• Description of the task:
Up to and including the line that holds "El póster consta", print the data exactly from its first line; do not print the pictures.
*** Records supplied Section Begins ***
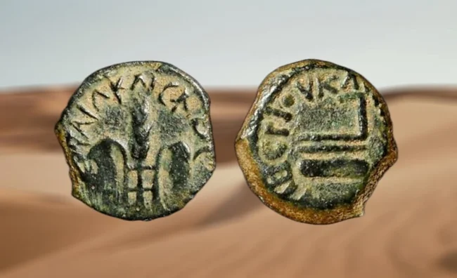 Бронзова монета Понтія Пілата, префекта Юдеї за римського імператора Тіберії.
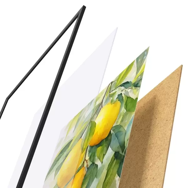 El póster consta de marco, plexiglás, imagen impresa y soporte de aglomerado. El póster puede colgarse inmediatamente en la pared gracias a los soportes de la parte posterior.
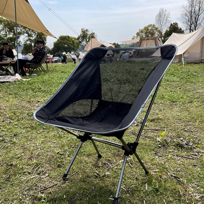 Stolens design ger en mer avslappnad sittställning, medan det konturerade sätet och ryggstödet hjälper till att stödja kroppen under längre perioder av sittande utomhus. Den cirka 45 graders lutningsvinkeln ger extra komfort, vilket gör den idealisk för att koppla av på campingen, vid sjön eller i trädgården. Ventilerande nätpaneler förbättrar också luftflödet, vilket kan göra det bekvämare att sitta i varmare väder.
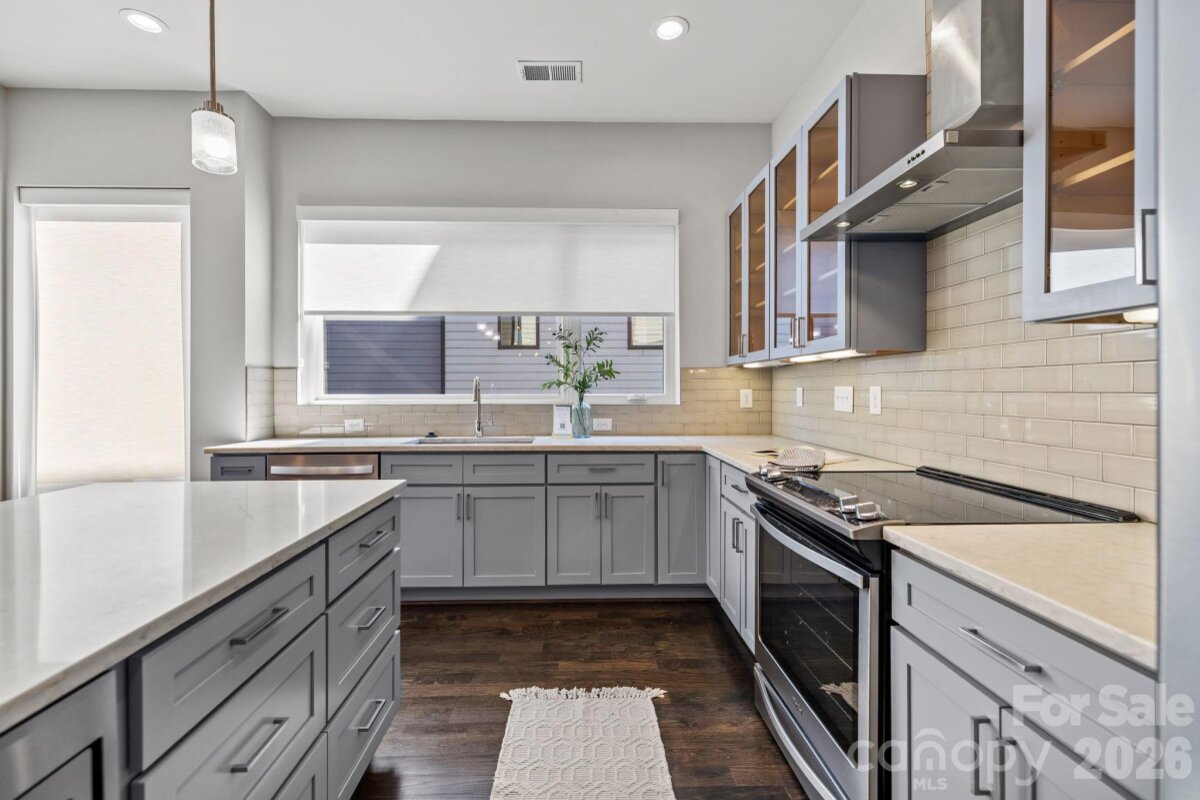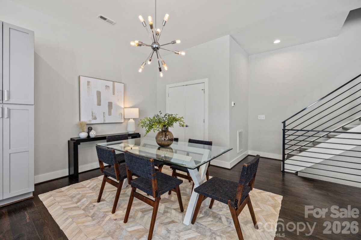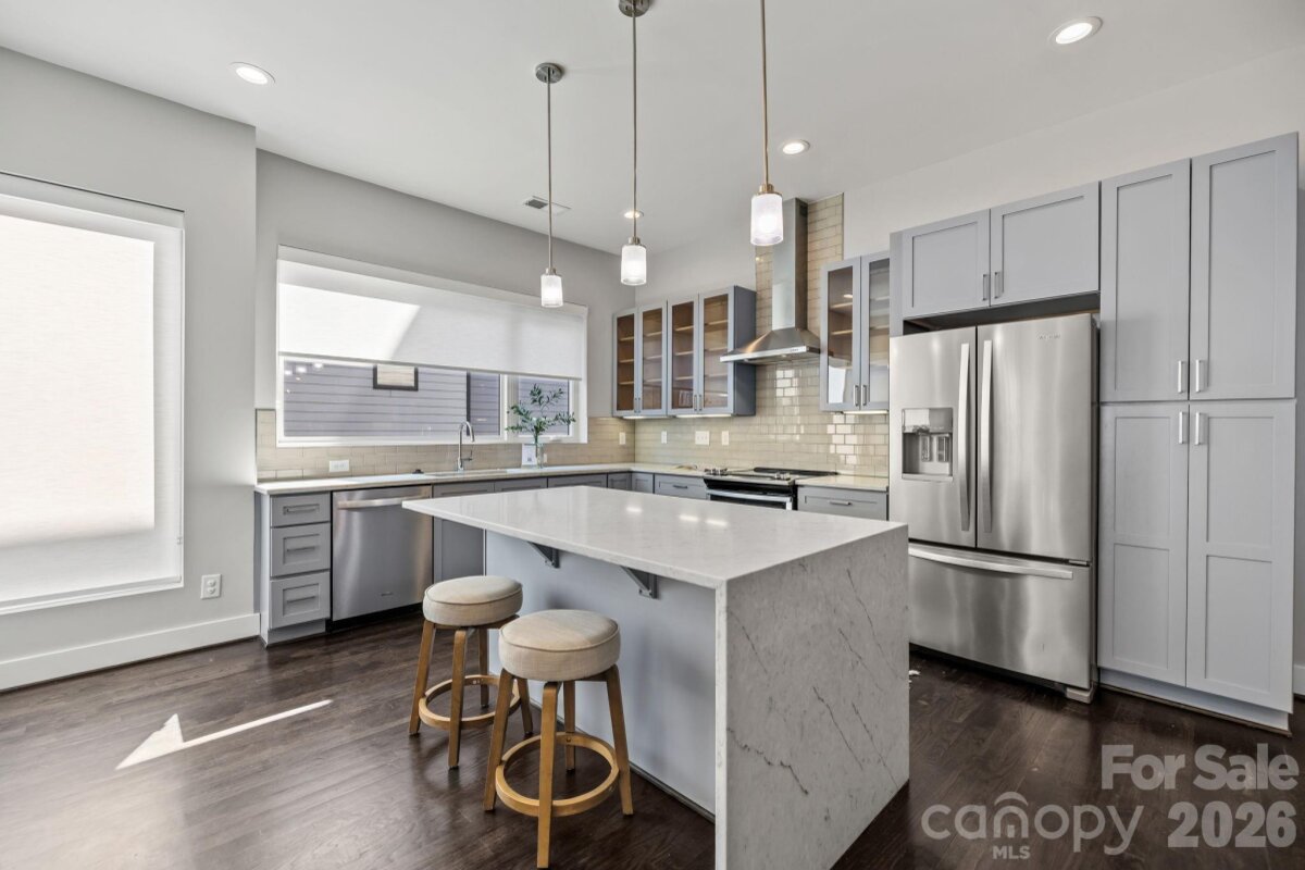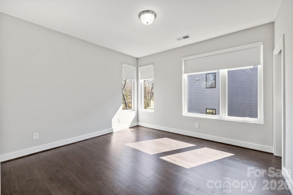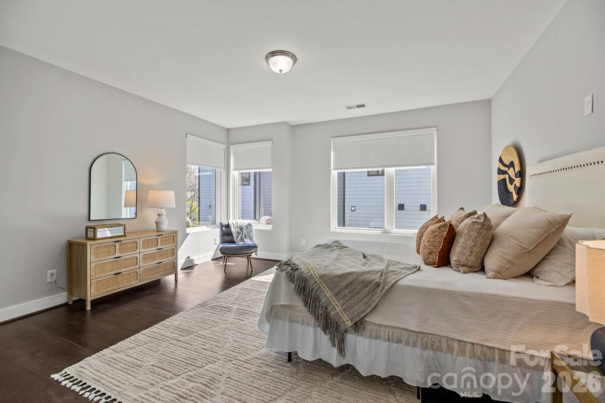 Ultimate Uptown living at its finest at Luxity Terraces in Charlotte’s highly desirable Third Ward. This move-in-ready private END residence features 3 spacious bedrooms, 3 full bathrooms, lovely powder room, and a private two-car garage — a rare Uptown advantage. The home’s hardwood floors flow seamlessly through the kitchen, living, dining, and hallways, while 10-foot ceilings enhance the open, light-filled layout. The kitchen and full baths are appointed with quartz countertops, custom cabinetry, and stainless steel appliances, combining sophistication and functionality, and full baths feature tiled floors and showers with the powder room accented in warm hardwood. A private rooftop terrace provides sweeping Uptown skyline views, offering the perfect setting for entertaining or relaxing above the city. Expansive windows frame serene views of Frazier Park, creating a rare sense of privacy and tranquility in the heart of the city. Just steps from Charlotte’s premier dining, cultural attractions, and professional sports venues, this home delivers the ideal balance of vibrant city life and peaceful retreat. With its exceptional finishes, thoughtful design, generous scale, and unbeatable location, opportunities like this are rare — a home that offers both elevated lifestyle and enduring value. Homes of this caliber attract immediate attention; act now to secure one of Uptown’s most remarkable residences. FRESHLY PAINTED INTERIOR 2026. Water and sewer included
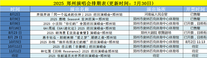 最新!郑州2025年8月-10月演唱会排期表来啦→
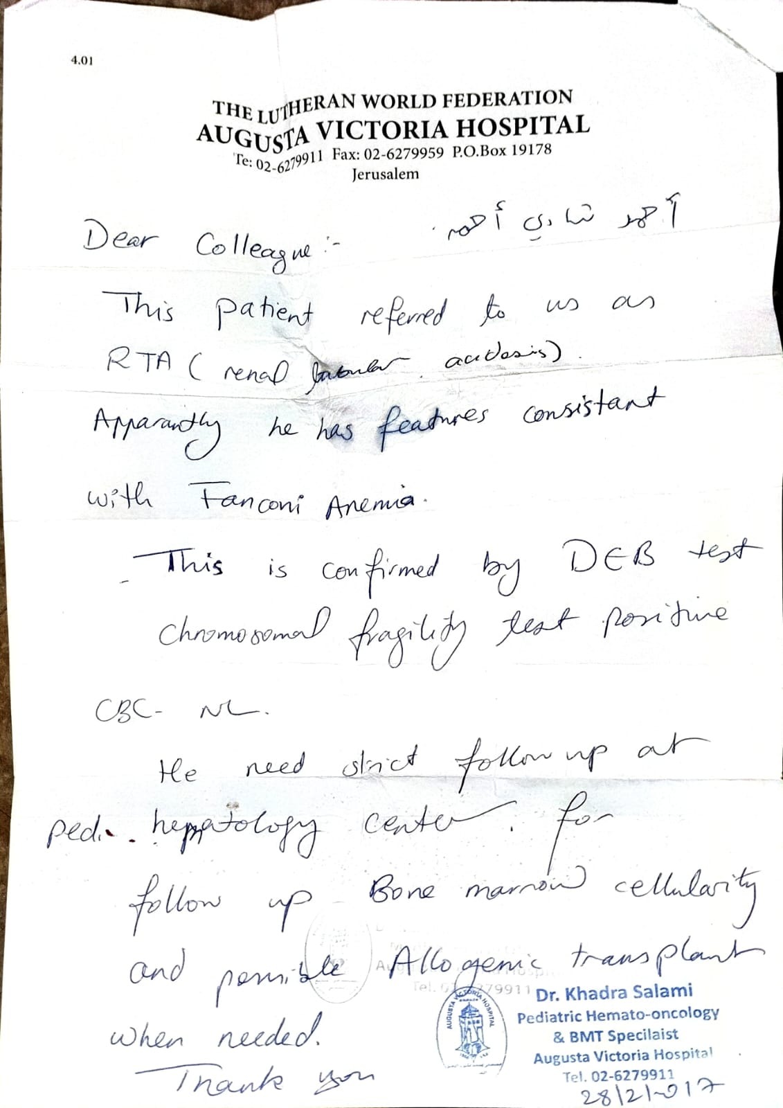 Yet, the greatest pain I carry is not for myself it’s for my little son, Ahmed, who was born with a rare and serious condition called Fanconi Anemia. This illness threatens his life and requires urgent medical treatment abroad, care that is currently unavailable where we live due to the limited medical resources.
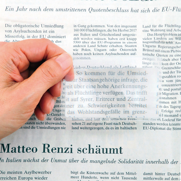 読書に最適!メガネのようにかけて使用する倍率1.6倍の拡大鏡と、手帳や財布に入る薄さのシート状のルーペのセットです。
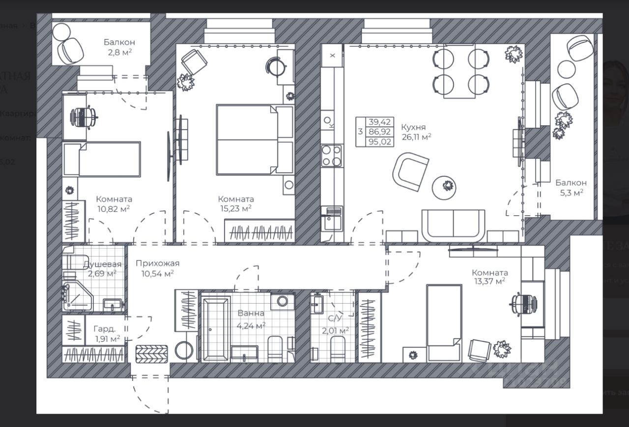 * Уютные 2 застекленные лоджии — идеальное место для чтения сказок на ночь или утренних посиделок с чашкой кофе.
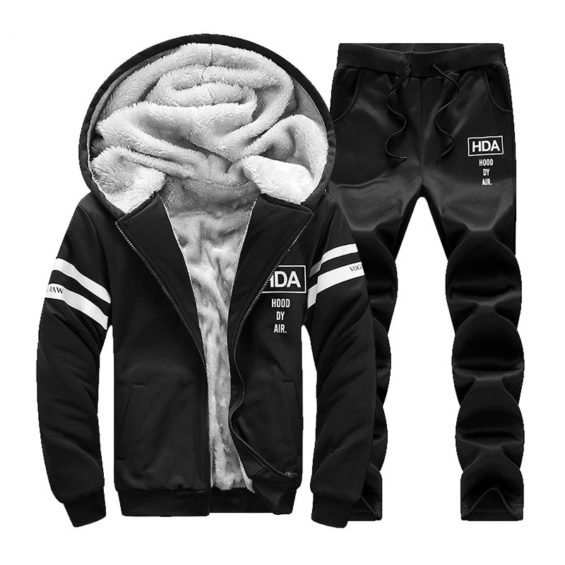 Мужской комплект из 2 предметов, толстая флисовая толстовка с капюшоном и спортивные брюки, мужской повседневный спортивный костюм, зимняя ветрозащитная одежда на молнии, брендовая теплая верхняя одежда
*** Records supplied Section Ends ***
• Response box:
 Бронзова монета Понтія Пілата, префекта Юдеї за римського імператора Тіберії.
 El póster consta de marco, plexiglás, imagen impresa y soporte de aglomerado. El póster puede colgarse inmediatamente en la pared gracias a los soportes de la parte posterior.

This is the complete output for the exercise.